**TASK REQUIREMENTS**
Print the listing below a second time, exactly, and omit its images.

**DATASET CONTENT**

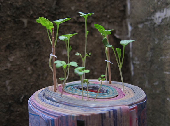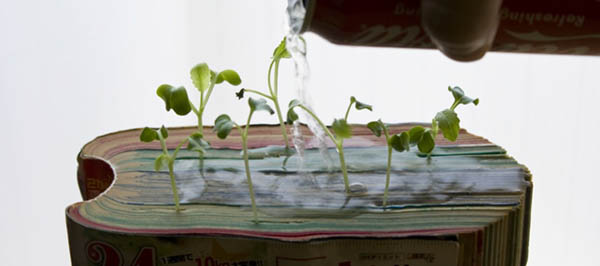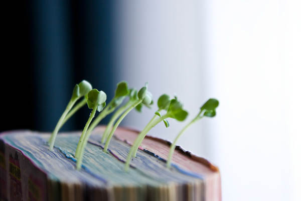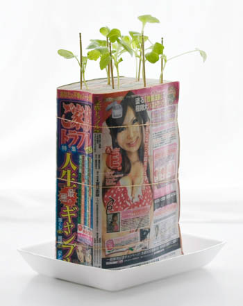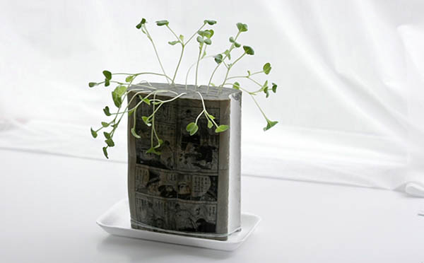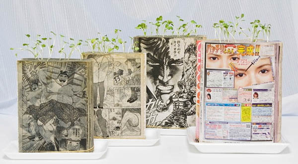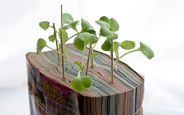 對於堆積如山的過期雜誌、老舊書籍,一般人不是賣到二手書店、捐贈給圖書館,就是選擇拿去回收賺錢。日本藝術家河地貢士(Koshi Kawachi)有不一樣的處理方法──把紙張當作土壤,種植蘿蔔苗!
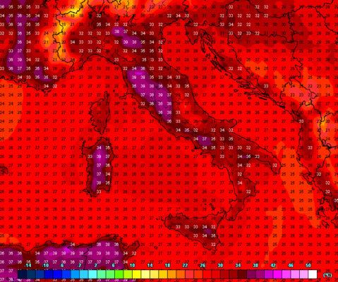 Nonostante l’Italia non sia l’obiettivo principale della rimonta anticiclonica africana, l’ondata di calore si farà sentire al nord e buona parte del centro, zone dove la calura risulterà più intensa su Toscana, Umbria, Lazio, Sardegna e Val Padana (temperature vicine ai 39/40 gradi) e con un deciso aumento anche del tasso di umidità. Anche la Calabria, dove già le temperature sono nettamente aumentate da domenica, avrà la sua dose di caldo mitigato e reso più sopportabile dalla presenza di correnti fresche da nord e le temperature dovrebbero risultare contenute. Sono previsti comunque picchi di 34/35 gradi. Il caldo si dovrebbe attenuare nel fine settimana un pò ovunque. Le uniche regioni che rimarranno ‘afose’ saranno la Puglia e parte della Sicilia.
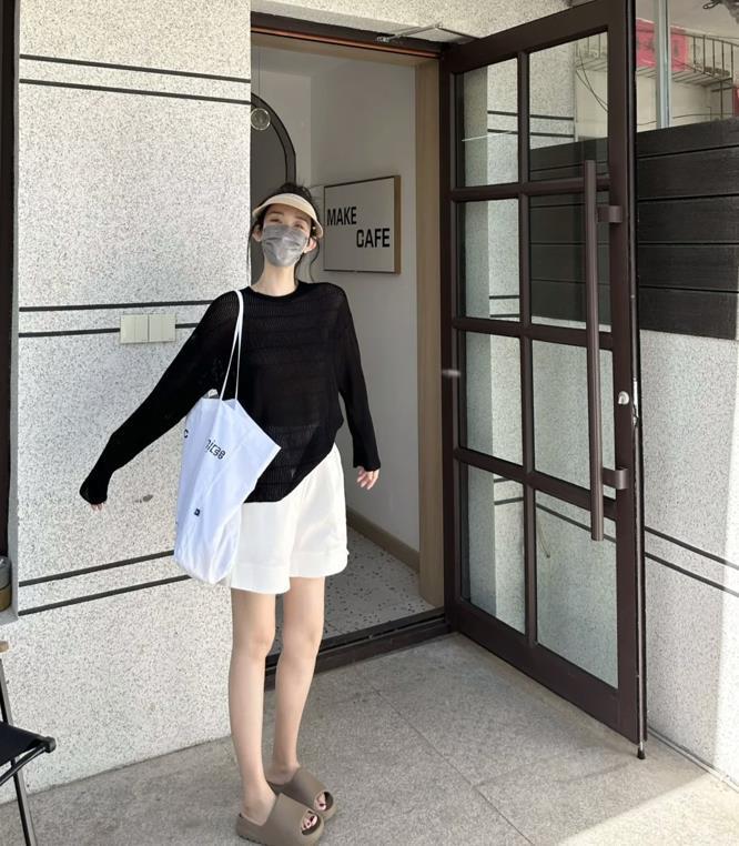 炎熱的夏季,出門一定要做好防曬,黑色防曬衫,簡簡單單又耐看,輕薄的材質,透氣性是極佳的,簡單配條白色短褲和涼拖鞋就可以出門了,清爽涼快又時髦。
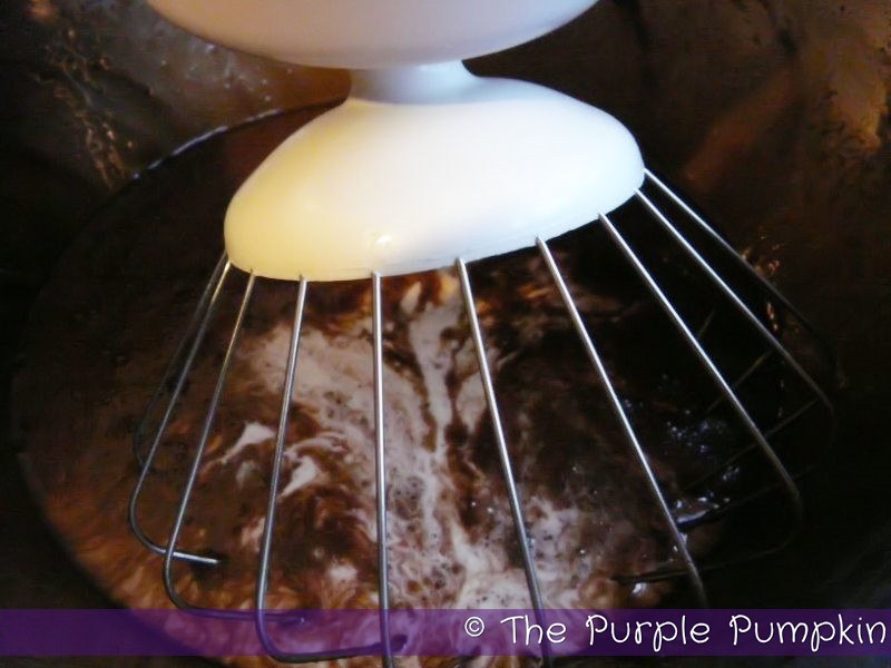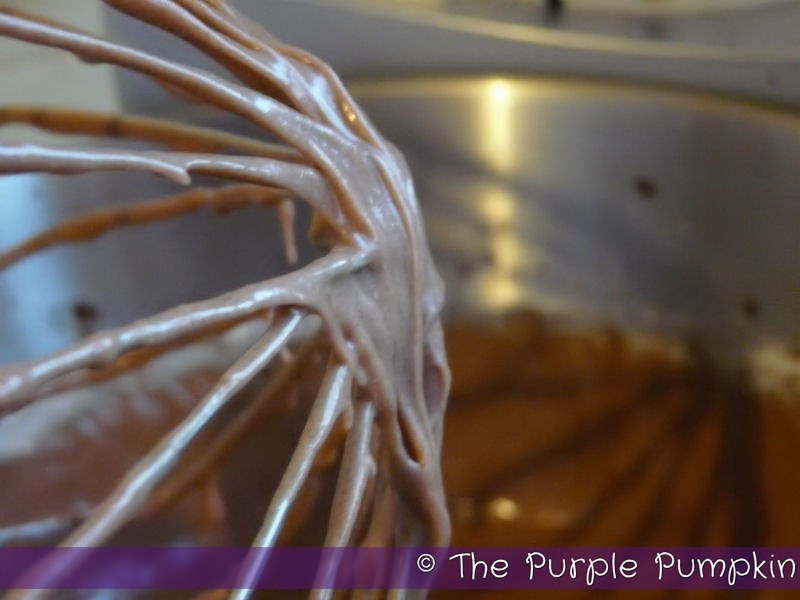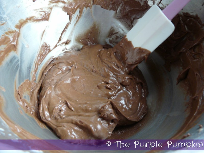 Melt the butter and pour into the sugar and cocoa mix. As I was beating the mixture as directed by the original recipe I realised that this wasn’t going to turn into frosting and needed to be thinned out to make it spreadable, so I added some milk. Add splashes of milk and beat in between to get a smooth spreadable consistency. If it becomes too runny, just add some more icing sugar back in.

**FINISHED TASK**
 對於堆積如山的過期雜誌、老舊書籍,一般人不是賣到二手書店、捐贈給圖書館,就是選擇拿去回收賺錢。日本藝術家河地貢士(Koshi Kawachi)有不一樣的處理方法──把紙張當作土壤,種植蘿蔔苗!
 Nonostante l’Italia non sia l’obiettivo principale della rimonta anticiclonica africana, l’ondata di calore si farà sentire al nord e buona parte del centro, zone dove la calura risulterà più intensa su Toscana, Umbria, Lazio, Sardegna e Val Padana (temperature vicine ai 39/40 gradi) e con un deciso aumento anche del tasso di umidità. Anche la Calabria, dove già le temperature sono nettamente aumentate da domenica, avrà la sua dose di caldo mitigato e reso più sopportabile dalla presenza di correnti fresche da nord e le temperature dovrebbero risultare contenute. Sono previsti comunque picchi di 34/35 gradi. Il caldo si dovrebbe attenuare nel fine settimana un pò ovunque. Le uniche regioni che rimarranno ‘afose’ saranno la Puglia e parte della Sicilia.
 炎熱的夏季,出門一定要做好防曬,黑色防曬衫,簡簡單單又耐看,輕薄的材質,透氣性是極佳的,簡單配條白色短褲和涼拖鞋就可以出門了,清爽涼快又時髦。
 Melt the butter and pour into the sugar and cocoa mix. As I was beating the mixture as directed by the original recipe I realised that this wasn’t going to turn into frosting and needed to be thinned out to make it spreadable, so I added some milk. Add splashes of milk and beat in between to get a smooth spreadable consistency. If it becomes too runny, just add some more icing sugar back in.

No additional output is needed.